From Bioinformatics Core Wiki
Revision as of 13:53, 5 September 2016 by Jponomarenko (Talk | contribs)

(diff) ← Older revision | Latest revision (diff) | Newer revision → (diff)


The CRG Bioinformatics Core facility provides researchers at CRG-CNAG/PRBB and external organizations, both academic and commercial, with services of consultation and data analysis, with a focus on Next Generation Sequencing (NGS) and other high-throughput experiments. To support researchers throughout all steps from an experiment planning to the result delivery , we work in synergy with the other CRG core facilities.

We also provide training in basic and advanced bioinformatics techniques and support CRG core facilities and CRG groups with development and maintenance of data management resources, including databases, LIMS, web-tools, and software.

In addition to services provided for fee, we support fully collaborative grant-funded investigations. This includes preliminary data analysis, planning the grant budget and experiments provided by the CRG Core facilities, writing relevant sections of the proposal, data analysis and biological inference, custom software development, and co-authored dissemination of the grant results.


To request a service or a free consultation, to propose a collaborative project or a grant proposal, please contact us via email or phone. We encourage researchers to discuss both experimental and bioinformatics procedures before submitting materials for sequencing at the CRG Genomics Unit. We can help in selecting the cost effective approaches.

After an agreement on the provided services and deliverables is reached, we issue an official quotation, which has to be approved by the user in writing (via e-mail). By agreeing with the quotation, the user enters into the contract with CRG and agrees with Terms and Conditions of the service.

Please note that payment of fees for services and authorship are not mutually exclusive. Each Core personnel who has participated in the work sufficiently enough to take public responsibility for appropriate portions of the content should be recognized as co-author; co-authorship should follow commonly-accepted scientific practice. The recovery of Core expenses through the recharge system does not exclude the possibility for authorship for Core personnel. Similarly, authorship does not substitute for payment of Core expenses for services rendered.

All work performed by the CRG Bioinformatics core should be acknowledged in scholarly publications, posters, and presentations by a direct statement in the acknowledgement section “The authors would like to thank <Name(s) of Consultant(s)> of the <Name(s) of the facility(s)> of the Center of Genome Regulation for assistance with <services performed>.”

Our turnaround time for completing the request is 3-10 business days, depending on the request’s complexity and current capacity.

Throughout the project, we document our work, track the personnel and computational hours, regularly communicate with the researchers on the project progress, and revise initial goals if needed. To avoid unnecessary expenses, if the problem with the data quality was spotted, we communicate it right away.

When the request is completed, we issue an invoice on actual accounted hours (please refer to our FEES). We can also provide the final written report, facilitate preparation of relevant sections of publications, and handle submission of data to public repositories.

The original and derived data are guaranteed to be stored at CRG for 6 months after completion of the request.


All our communication with users, including consultations, meetings, quotations, e-mail and skype communication, is free of charge.
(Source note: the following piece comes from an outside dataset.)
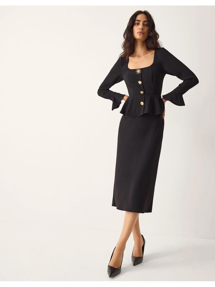 Let's talk business. Designed with a flattering square neckline, flared sleeves and a classic pencil skirt, this dress is here to transform your in-office days. Topped with statement gold-tone buttons, it's sure to be the talk of the floor. Just add heels. Black
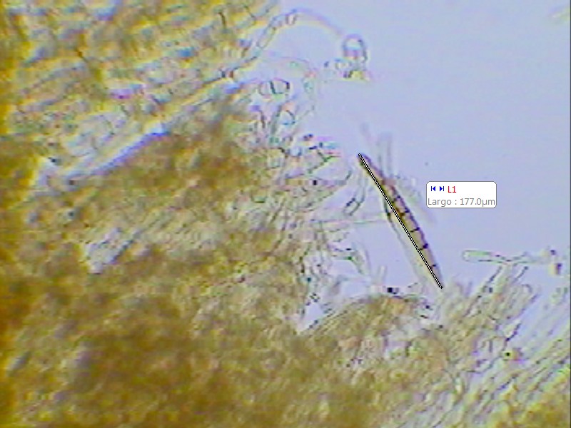 Como estoy empezando con la microscopia, observo las esporas y sus medias se ajustan más al T. hirsutum que a otra similar de la cual esté documentado. Apunté las siguientes características de esta seta.

Please refer to cost estimates for standard bioinformatics services and to the CRG webpage for our current fees for manual (Data Analysis, Database Maintenance Support, Programming / Database Development ) and computing hours (Automatic Data Analysis ) for CRG/PRBB and other public organizations. Prices for commercial users are subject of negotiation.


The provided services are the subject of the CRG Core facilities Terms and Conditions of the service.


  • Reference-based and de novo assembly of eukaryotic and prokaryotic genomes.
  • Genome re-sequencing and quality assessment of genome assemblies.
  • ChIP-seq (TFs, histone modifications): peak calling, differential binding analysis among sample groups, peak annotation.
  • Whole exome and whole genome analysis: variant calling, CNVs.
  • Identification and annotation of DNA structural variants for common and rare human diseases: individual and family analysis, cancer driver gene mutations.
  • Genomes comparison.
  • Genome functional annotation: ab initio gene prediction, annotation of genes, transcripts, DNA motifs, promoters, and other DNA regulatory elements.
  • Analysis of 5C, Hi-C, ATAC-seq, and other high-throughput data.


  • Reference-based and de novo assembly of eukaryotic and prokaryotic transcriptomes.
  • Transcriptome functional annotation: ab initio gene prediction, annotation of genes, transcripts, DNA motifs, promoters, and other regulatory elements.
  • Variant calling from transcriptome sequencing data.
  • Analysis of commercial and custom microarrays: differentially expressed genes, group comparison.
  • RNA-seq for mRNA: discovery of new transcripts, differentially expressed genes/transcripts.
  • Functional analysis of differentially expressed genes/transcripts: Gene Ontology terms, DNA motifs, and pathways enrichment analysis.
  • RNA-seq for small and non-coding RNA: differential expression, discovery of new microRNAs, microRNA target prediction.
  • Analysis of OpenArray real-time PCR, and other high-throughput experimental data.
  • Identification of batch effects and visualization of data and results: hierarchical clustering, heatmaps, dendrograms, volcano plots, principal components analysis for the overall (dis)similarity among experiments.
  • RNA-target-based sequencing: RIP-seq, iCLIP, CLIP-seq, and other.
  • Analysis of B and T cell repertoires (adaptive immune receptor repertoires, or AIRR) from high-throughput sequencing data: germline allele assignment, identification of clones, visualization of clonal frequencies.


  • Analysis of amplicon (16S rRNA genes), whole genome and transcriptome shotgun sequencing data.
  • Identification of microbial communities, taxonomic diversity and abundances at the levels of genus, family, order, class, phylum.
  • Conservation and abundance of bacterial gene functional modules and biochemical pathways.
  • Estimation of microbial diversity and sequence coverage.
  • ORF prediction and functional annotation.
  • Phylogenetic analysis.
  • Comparative analysis of samples: microbial profiles, Gene Ontology terms, metabolic and pathway analyses.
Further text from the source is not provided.